» WHAT YOU HAVE TO DO
With pictures left out, output word for word the lines from the one containing "Das Aufnahmeantragsformular und" through the end of the material below.

» SUPPLIED DATA

---*---

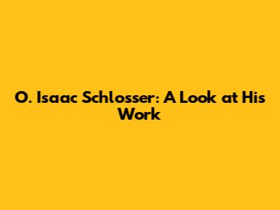 O. Isaac Schlosser: A Look At His Work
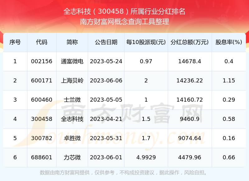 按照南方財富網(wǎng)趨勢選股系統(tǒng)統(tǒng)計,全志科技所屬行業(yè)為半導(dǎo)體行業(yè),半導(dǎo)體行業(yè)分紅排名情況如下表:
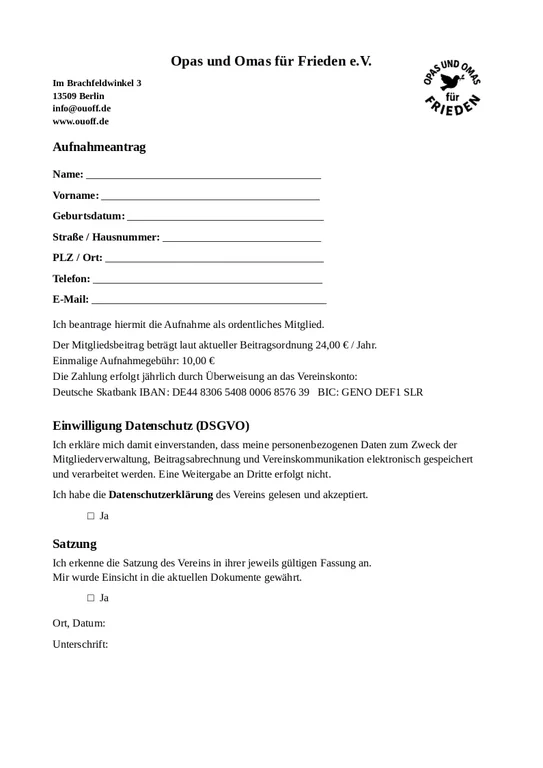 Das Aufnahmeantragsformular und die Satzung des Vereins erhalten Sie auf Anfrage an info@ouoff.de als pdf-Datei.
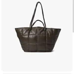 All Saints Nadaline Quilted Leather Tote Bag Olive Green Org. 369.00

---*---

» ANSWER FOR THE TASK
 Das Aufnahmeantragsformular und die Satzung des Vereins erhalten Sie auf Anfrage an info@ouoff.de als pdf-Datei.
 All Saints Nadaline Quilted Leather Tote Bag Olive Green Org. 369.00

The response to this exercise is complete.